2. The brush holder according to claim 1, further comprising:

a low-friction plate flexibly hinged to the base plate; and

a second spring configured to urge the low-friction plate and the at least one guide apart.

3. A brush holder comprising:

a tubular brush box;

a baseplate configured to be fastened to an electrical brush and movable in the brush box;

a resilient multi-contact lining disposed in the brush box between the baseplate and an inner wall of the brush box, the lining comprising at least one of a metal velvet, a metal felt and a metal fiber;

a spring configured to apply a force to the baseplate in a predetermined direction; and

at least one guide coupled to the baseplate and extending along the inner wall of the brush box, the lining disposed between the guide and the inner wall of the brush box.

4. The brush holder according to claim 3, further comprising:

a low-friction plate flexibly hinged to the base plate; and

a second spring configured to urge the low-friction plate and the at least one guide apart.

5. A brush holder comprising:

a brush box;

a baseplate configured to be fastened to an electrical brush and movable in relative to the brush box;

a resilient multi-contact lining disposed in the brush box between the baseplate and an inner wall of the brush box;

a resilient member configured to urge the baseplate in a predetermined direction; and

a guide portion connected to and extending from the baseplate adjacent to at least a portion of the resilient member.

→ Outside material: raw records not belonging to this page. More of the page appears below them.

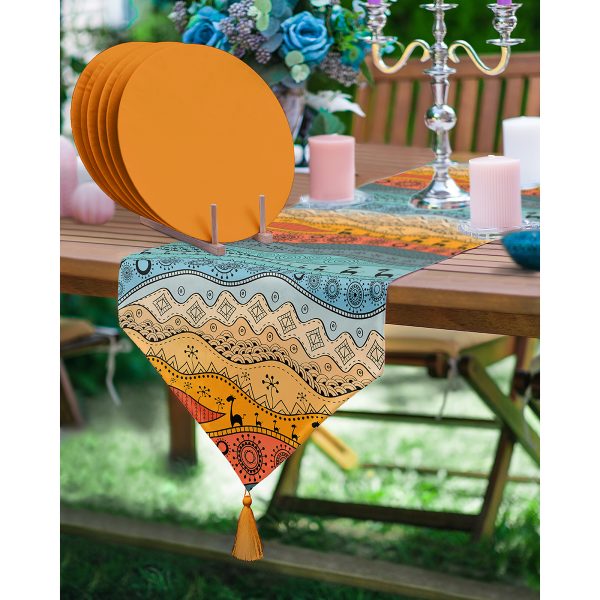 Realhomes Renkli Etnik Desen Motifli Üçgen Püsküllü Runner 1 Adet & 6 Adet Turuncu Renkli Supla
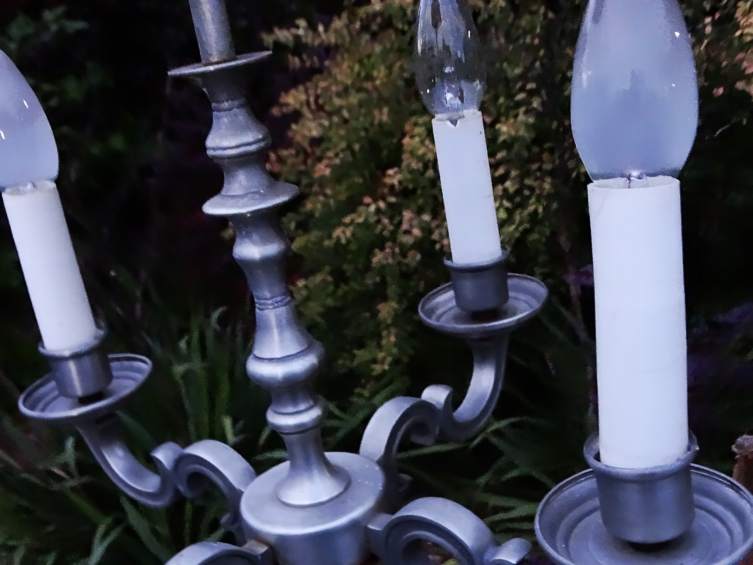 - Количество источников света: 4 кронштейна со свечными лампочками
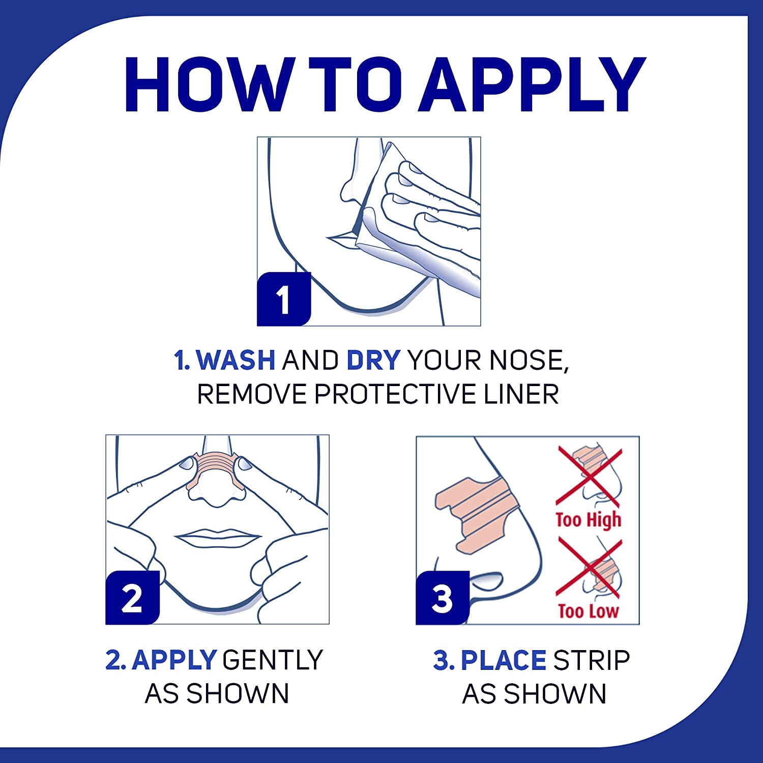 Apply to Nose - Gently rub the strip to secure it onto your nose. Nasal strips come in different sizes to fit different nose types, so you should determine which size is best for you. Also, it's important to always refer to the packaging leaflet before use.
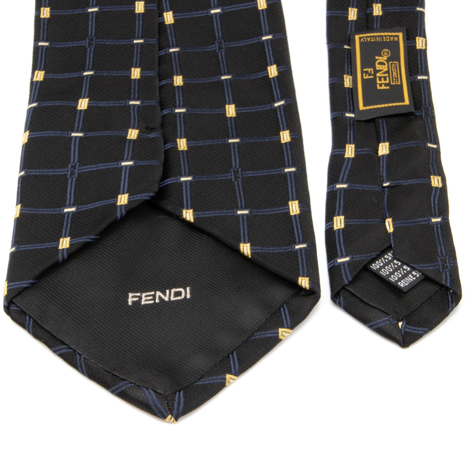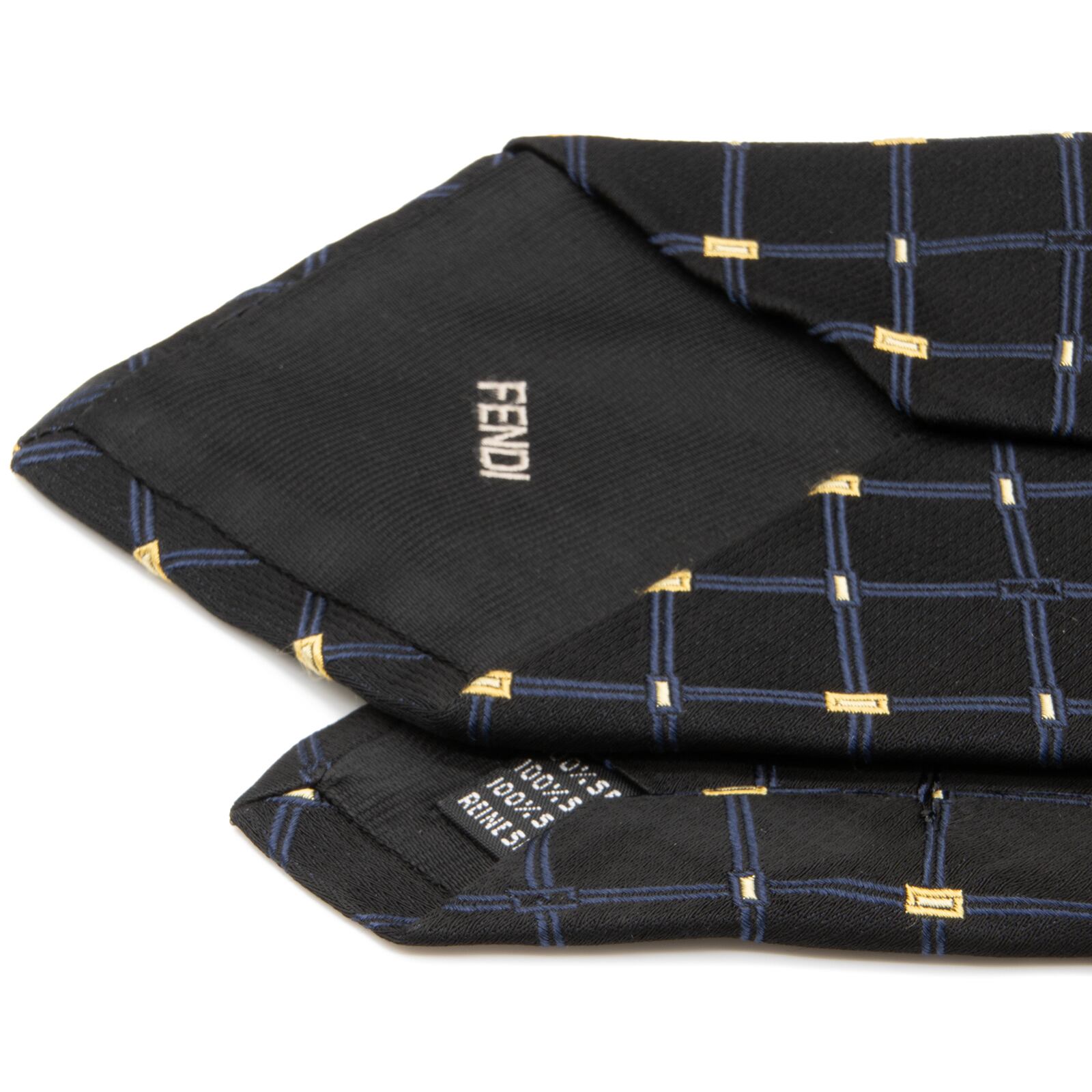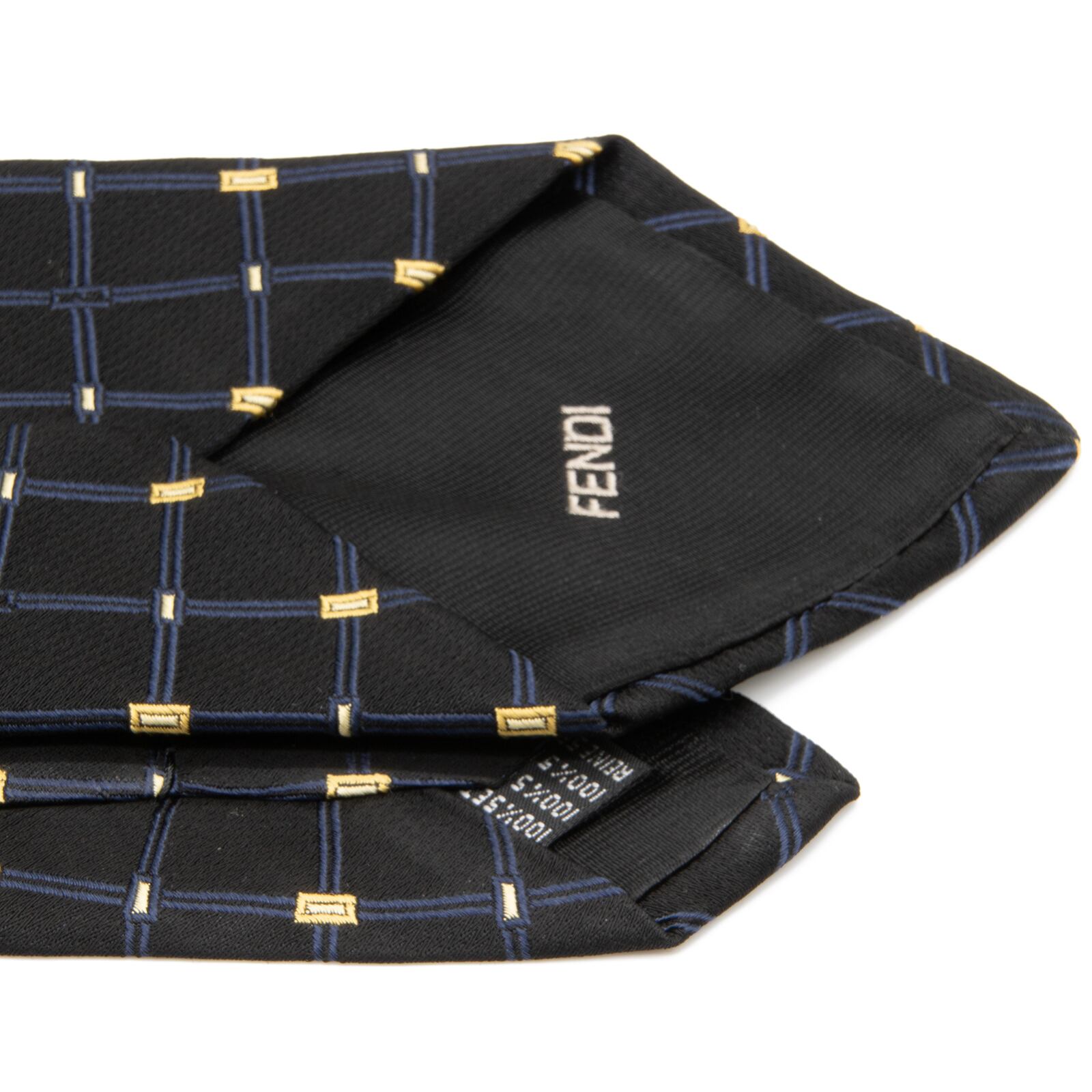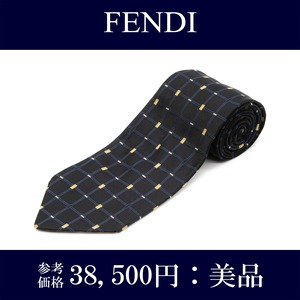 送料無料 フェンディ ネクタイ ジャガードタイ シルク 黒 ブラック ネイビーブルー 黄色 ブランド マイクロFFロゴ シンプル レア 綺麗 N425

6. A brush holder comprising:

a brush box;

a baseplate configured to be fastened to an electrical brush and movable relative to the brush box;

a resilient multi-contact lining disposed in the brush box between the baseplate and an inner wall of the brush box;

a resilient member configured to urge the baseplate in a predetermined direction; and

a guide portion coupled to the baseplate and extending along the inner wall of the brush box, the lining disposed between the guide and the inner wall of the brush box.